Humanists Denied Wedding in Naval Academy Chapel

Former Army Captain and current atheist Jason Torpy is keeping busy.  While currently claiming to act as the endorsing agent for a proposed humanist chaplain, he’s also trying to act as an officiant for a humanist wedding at the US Naval Academy.  The only problem for the “Reverend” Torpy: Annapolis reserves its Christian chapel for Christian ceremonies.

Jennifer Erickson, an academy spokeswoman, said in an email that the Naval Academy Chapel is a religious venue that has been used for Protestant and Catholic services since its dedication in 1908.

“The chapel contains permanent Christian architectural features that make it inappropriate for non-Christian or non-religious wedding ceremonies,” Erickson wrote in response to questions about the request. “For requests involving non-Christian and non-religious wedding ceremonies, the Naval Academy offers alternative venues, such as the non-denominational chapel and the Naval Academy Club.”

Because the Christian chapel has unmatched “grandeur” — including the crypt of famed seaman John Paul Jones — the humanists complain that nothing else will do.  The non-theists apparently admire theistic architecture.

To be clear, there are several chapels at Annapolis, including a Jewish one with an equally famous namesake in Uriah Philips Levy.

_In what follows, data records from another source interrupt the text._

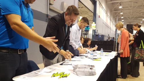 It was a tense morning at the Moncton Coliseum. Half an hour past the scheduled attempt to break the Guinness World Record for the Largest Networking Event, organizer Hub City Young Professionals Network (HCYP) was still short on people. The organizers called on participants to invite their friends and family, and the attempt eventually started at 10.14 a.m.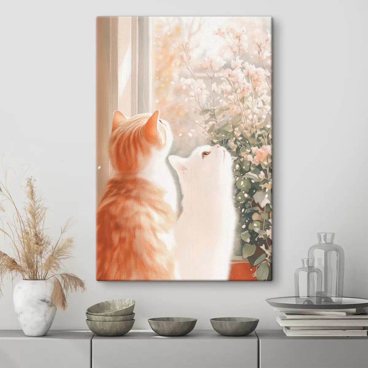 Obraz Ilustrace tužkou a akvarelem zobrazující dvě rozkošné kočky, které spolu sedí Č. s40670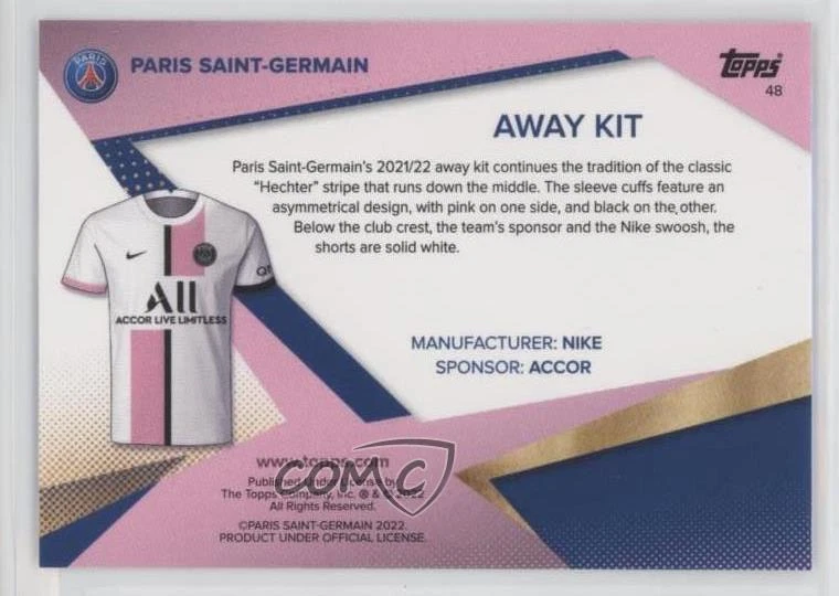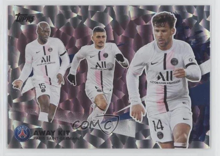 2021-22 Topps Paris Saint-Germain Team Set - [Base] - Icy Foil #48 Kit Cards - Danilo Pereira, Juan Bernat, Marco Verratti - Soccer Card - Featuring the Paris Saint-Germain - Featuring Danilo Pereira , Juan Bernat , Marco Verratti and Paris Saint-Germain Search for more: 2021-22 Topps Paris Saint-Germain Team Set Search for more: 2021-22 Topps Paris Saint-Germain Team Set - [Base] - Icy Foil View all of our Listings Auctions Buy It Now About Us Located in the beautiful Pacific Northwest, COMC (Check Out My Cards) is the world's largest consignment service for trading card singles. More than 10,000 people have used our consignment service to list over 50 million trading cards. We currently house 20 million cards, each listed for sale with front and back images of the actual card. Find out how we can help you consign your items on eBay by contacting us through eBay messaging. COMC -- "The Safe & Easy Way to Buy & Sell" Representative Image - Select Specific Item above to see image of actual item Representative Image - Select Specific Item above to see image of actual item Raw Condition for Modern Cards Unless otherwise noted, raw modern cards are listed in Near Mint-Mint condition or better. A NM-MT card appears to be Mint at first glance, but upon closer inspection, may exhibit some of the following: minor print defects (e.g. roller marks, print line, dimple), minor scratches, slight edge wear, and slight corner wear. Centering is clearly visible in the images provided and does not factor into our condition assessment. Raw Condition for Vintage Cards Unless otherwise noted, raw vintage cards are listed in Excellent condition or better. An EX card may exhibit some of the following: minor rounding of corners, surface wear, print defects, light scratches, and slight edge wear/chipping. Centering is clearly visible in the images provided and does not factor into our condition assessment. Domestic Shipping Combined shipping for multiple items is available. To receive combined shipping, please ensure all desired items are in your eBay shopping cart before proceeding to checkout. eBay limits orders to 40 items per order. We automatically combine multiple orders placed on the same day. If you place multiple orders on the same day, please contact us to request a refund of applicable shipping costs. Signature confirmation may be required on invoices over $400. Raw cards are shipped in toploaders. International Shipping COMC offers eBay's International Shipping (EIS) for international orders under $2,500* (see country exceptions below). All duties and import fees are paid at checkout; in the rare event that there are additional import fees upon delivery, these are borne by the buyer. EIS packages route through a shipping hub in Erlanger, KY before shipping to their final destination. Please note that EIS does not allow for combined shipments. The shipping rates are determined by eBay and cannot be adjusted. *Maximum sale price exceptions: Colombia, Kuwait ($2,000); Taiwan ($1,539); Chile, Costa Rica, Guatemala, Honduras, Trinidad and Tobago ($1,000); Antigua and Barbuda, Aruba, Belize, Dominica, Grenada, Philippines, Saint Kitts and Nevis, Saint Lucia, Montserrat, Turks and Caicos Islands ($500); Dominican Republic, El Salvador ($200). Please request a shipping quote through eBay messaging for orders that exceed the maximum sale price supported by eBay's International Shipping. You will be responsible for all duties and import fees for international orders shipped outside the EIS. Raw cards are shipped in toploaders. Payment COMC does not accept offers on our cards through our eBay storefront. COMC utilizes eBay’s managed payments system. If you are experiencing difficulties making a payment, please contact eBay for assistance. Return Policy Returns are only accepted on the rare occasion the item is not as described. If you are making a return, please initiate the return process through eBay so a mailing label can be provided for you. Prior to listing, our expert team carefully assessed this item to represent it accurately. Please review the description and high-definition images prior to purchasing to ensure this item meets your satisfaction. We welcome you to contact us if you have further questions about this item. Trust and Integrity COMC carefully assesses each item consigned to us to prevent fraudulent items from entering the marketplace. If you believe an item offered on COMC may be fraudulent, please contact us with details so we can investigate the issue. Items we determine are outside our supported items policy may be removed. Last Modified: 12/9/2024 9:59:28 AM PDT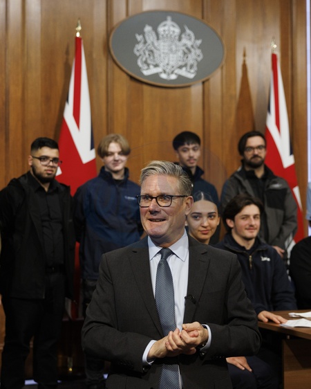 17/11/2025. London, United Kingdom. Prime Minister Keir Starmer meets apprentices in 9 Downing Street from technical excellence colleges to discuss their experiences and what the government is doing to encourage more apprenticeships ., Credit:Simon Dawson / Avalon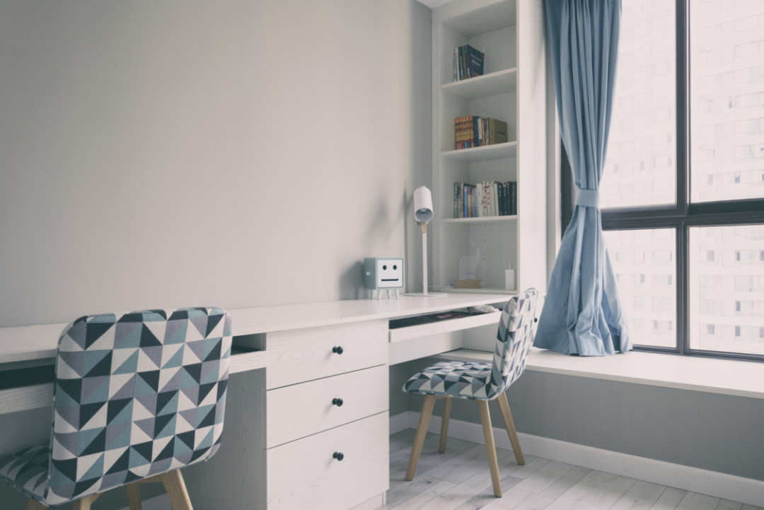 书房的两张椅子,搭配书桌,满足了业主小两口的分区玩游戏偶尔办公的需求。书房的窗帘是蓝色,椅子上也有蓝色的三角元素。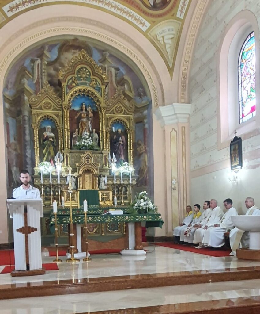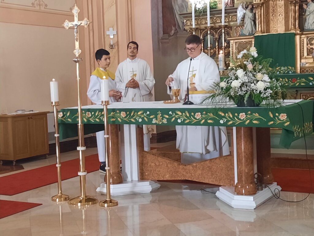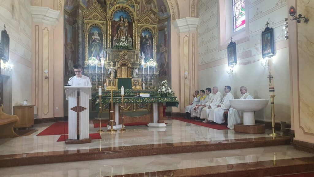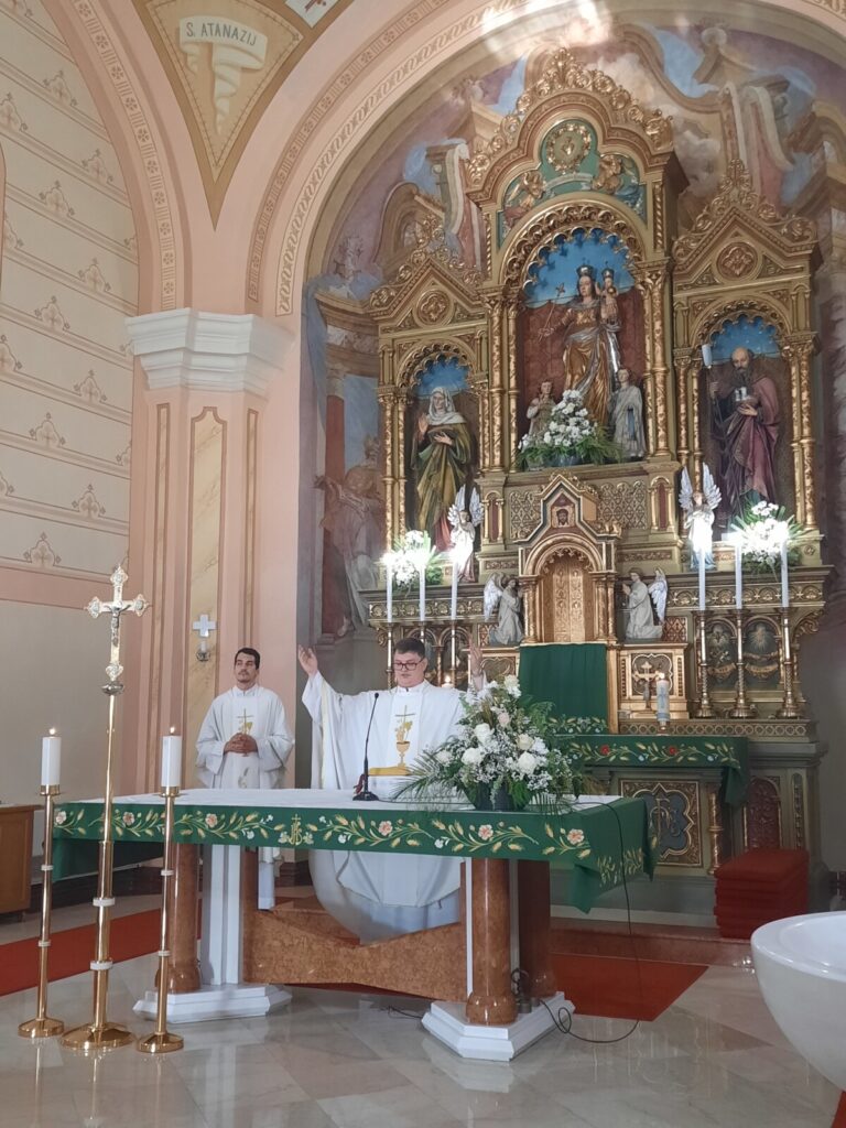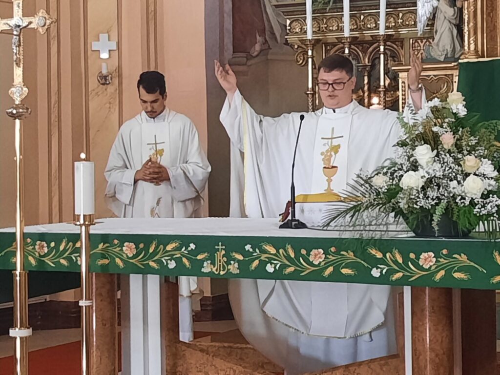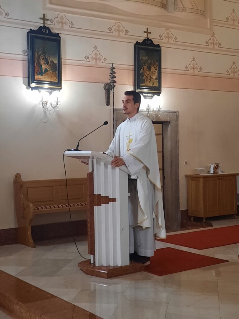 – Neka današnji dan bude poticaj svima vama, a i meni samome, da svatko od nas proba ovih 45 jedno minuta u sabranosti i iskreno Bogu zahvaliti na tome što svakodnevno primamo. Danas je vaše župno klečanje čime na posebni način pozornost stavljamo na svetu Euharistiju. Kroz povijest od samih početaka Crkva je iznimnu pažnju predavala gozbi lomljenja kruha. I u današnjem evanđelju vidimo poznatu scenu Posljednje večere kada je uspostavljena Euharistija. Ovo je moje tijelo, ovo je moja krv, riječi su koje i dan danas odzvanjaju u svim crkvama svijeta. Riječi su to koje nas podsjećaju na jednu jednostavnu stvar: kruh i vino na oltaru uistinu postaju tijelo i krv Kristova. Nemojmo se zavaravati, nije to simbolika. To je uistinu pravo tijelo i prava krv Gospodina našega Isusa Krista – istaknuo je u svojoj propovjedi na poslijepodnevnoj misi mladomisnik, velečasni Antonio Štengl, koji je 22. lipnja ove godine zaređen u crkvi Svetog Ivana Pavla XXIII. u Dubravi. Na kraju mise vlč. Antonio je vjernicima podijelio svoj mladomisnički blagoslov.

The issue isn’t that Annapolis won’t allow the wedding; just that it won’t let the humanists conduct it in the facility of their choosing.

The policy is actually not uncommon, though it is not often brought up.  That’s because only a few military bases remain that have faith-specific chapels.  These chapels were built decades — in this case, more than a century — ago, before “faith neutral” became the enfored norm for these faith-based settings.  When a post has a faith-specific chapel, it is not uncommon for the base to reserve it for adherents to that faith.

The “controversy” is ultimately mundane.  There are certainly arguments to be made for the respect for the facility and those whose faith is (permanently, unchangeably) represented there.  There are also arguments to be made about some non-religious ideologies believing they have a “right” to be equal to religion —  while simultaneously claiming they cannot be restricted like a religion.  Thus, they want the good “trappings” of religion without, as the FRC says, all the “Christian stuff.”  These claims sometimes come across as a spoiled child demanding a present on his sibling’s birthday.

The American Humanist Association is said to be considering a lawsuit.  (Oddly, their announcement initially omitted Jason Torpy’s one-man Military Association of Atheists and Freethinkers, until he complained.)

(The regional Colorado Springs Independent queried the US Air Force Academy to see if their policies were similar.  In short, USAFA restricts use of the chapel to ceremonies that are “religious in nature.”  Since humanism isn’t a religion…)

In the end, though, it neither “picks my pocket nor breaks my leg” should a non-Christian perform a wedding in the chapel.  The US Naval Academy is free to reserve specific spaces for specific functions, or it is free to open all locations to any person.

In fact, maybe Annapolis should be encouraged to open the facility to use by non-Christian wedding ceremonies.  Perhaps the “grandeur” of the building during the ceremony, captured in their wedding photos for posterity, will one day help them see the grandeur of the King.  One can hope.